Since this is all over the Internets today:

Rand Paul, son of Ron Paul, the new GOP Candidate for the open Senate seat in Kentucky, went on NPR and Rachel Maddow (and other, lesser-known places) and articulated his pure Libertarian position on the Civil Rights Act. He does not believe the Government should interfere with private enterprise and tell privately held companies who they can hire or who they can do business with. Thus, turning away black people from the Woolsworth’s counters is okay. He wouldn’t personally go to Woolsworth’s if they did but if Woolsworth’s didn’t want to serve black people or hire black people simply because they’re black, he’s good with that because Government does not have a right to interfere with private free markets and individual freedom.

People started digging and discovered — amazing! — Rand Paul’s very internally consistent Libertarian philosophy right out of the Fountainhead. Surprise!  A guy named after Ayn Rand is a devotee!*

I’m a little disappointed he’s now backing off on his statements. It’s too bad. I love Victoriana! His platform is great for 1880! Yay 1880! Yay Steampunk!

His articulated position is not one of racism  — and I sincerely doubt he is a racist — but he is standing on ideology on a specific position: to be Truly Free, men have the right to be terrible to the rest of mankind without Government interference on their own recognizance and should pay whatever price society exacts. The problem is both a lack of context and a lack of history. First, society doesn’t exact a price from racial discrimination. Otherwise we wouldn’t have needed the Civil Rights Act.** Second, the Supreme Court of the 1880s and 1890s upheld this purely Libertarian notion of freedom on multiple occasions in all sorts of areas — you can thank the Supreme Court of the 1880s for the whole Corporations are People nonsense. Most notably, Plessy vs. Ferguson (1896) upheld the distinct rights of private enterprise (and, granted, the state, since this was about segregation laws in the state of Louisiana) to segregate at will. Hey, the decision says, black people can go make awesome stuff just like white people. You’re just not applying yourself! Stop your whining and go make awesome stuff! What do you mean you can’t get a bank loan to start a business or buy a house or… The opinions are online and pretty entertaining reads. This was overturned by Brown vs. Board of Education which lead to the Civil Rights Movement and we are where we are today.
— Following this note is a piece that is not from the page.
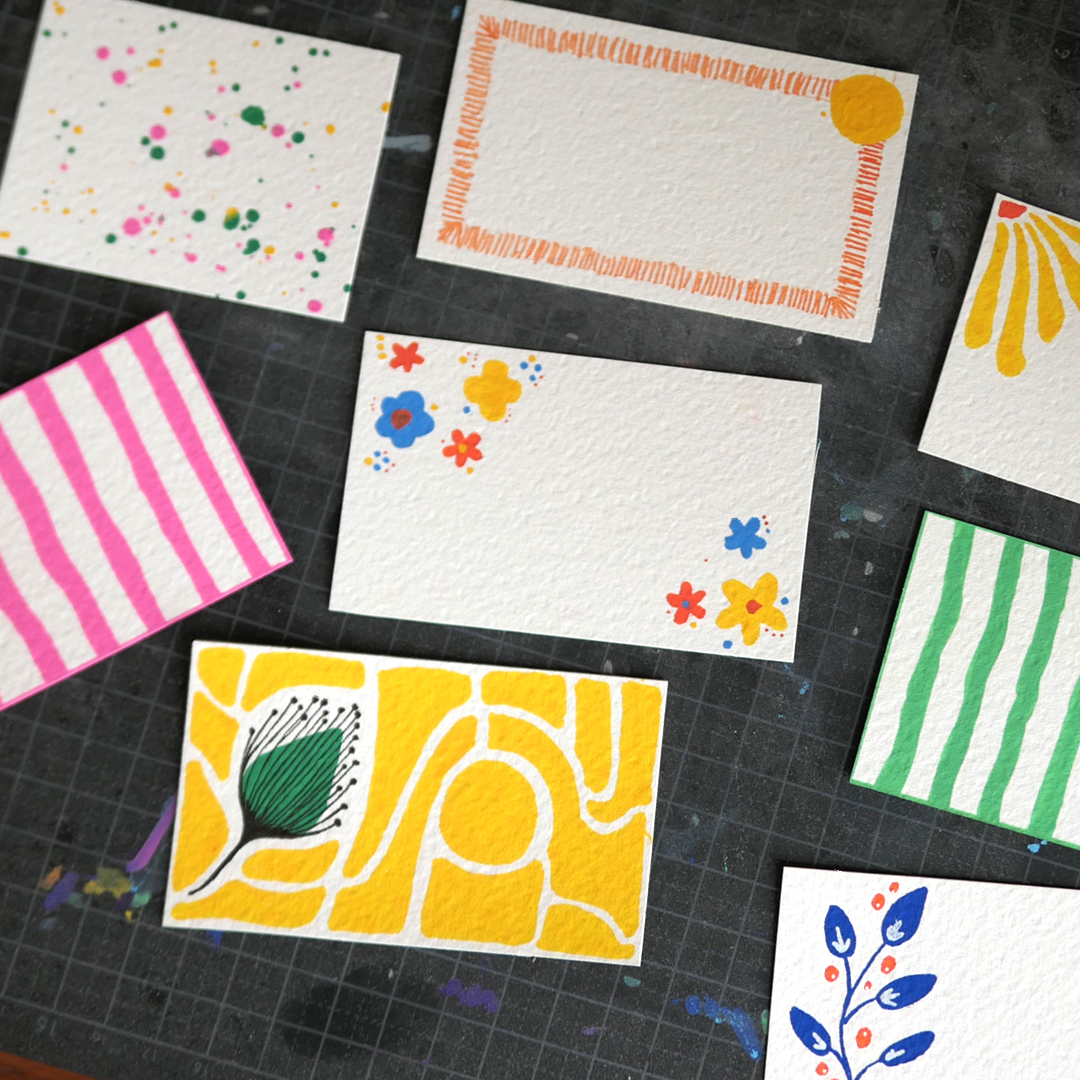 - Frame the card with a marker in a contrasting colour. Be bold. Wavy lines, bubbles or swirls work beautifully and create a hand-drawn, on-trend feel.

The problem is, in the real world of big-time politics in a system where whomever builds the biggest coalition between different voting blocks wins, running on an pure theoretical ideology based on a science fiction novel is going to run into operational problems. Purity of Ideology rarely gets one kissing babies and hugging old ladies and giving speeches at the VFW hall so he’s doing well to get this far. I am surprisingly cool with his internally held convictions and his loyalty to his internally consistent ideology — when he’s not busy running from it. It’s great that he at least has one which puts him above other politicians. He simply shouldn’t be surprised when people, after listening to him, go: “…. what? Can you say that again?”
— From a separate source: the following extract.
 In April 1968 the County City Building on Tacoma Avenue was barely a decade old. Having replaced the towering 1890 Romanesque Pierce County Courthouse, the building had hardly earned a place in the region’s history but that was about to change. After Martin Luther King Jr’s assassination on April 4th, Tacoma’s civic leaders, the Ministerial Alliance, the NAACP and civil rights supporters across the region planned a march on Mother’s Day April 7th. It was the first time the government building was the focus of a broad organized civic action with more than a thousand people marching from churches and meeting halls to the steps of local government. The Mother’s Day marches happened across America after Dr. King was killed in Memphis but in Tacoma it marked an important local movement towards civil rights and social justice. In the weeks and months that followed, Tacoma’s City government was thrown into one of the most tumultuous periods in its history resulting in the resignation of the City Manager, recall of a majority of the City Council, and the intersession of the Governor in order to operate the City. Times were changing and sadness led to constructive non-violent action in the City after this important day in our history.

* Maybe he got his copy from someone on Mad Men!
** This is the core point I think Dr. Paul missed. There’s all sorts of things to unpack here but the 100 years between the end of the Civil War and the passing of the Civil Rights Act was not exactly a free market paradise and ultimately, the Government forced down a fairness as part of the rules of the road. Agree or not, this was the point.  We gloss over the 1870s-1910, the core of this period, in our history books.  Perhaps deliberately.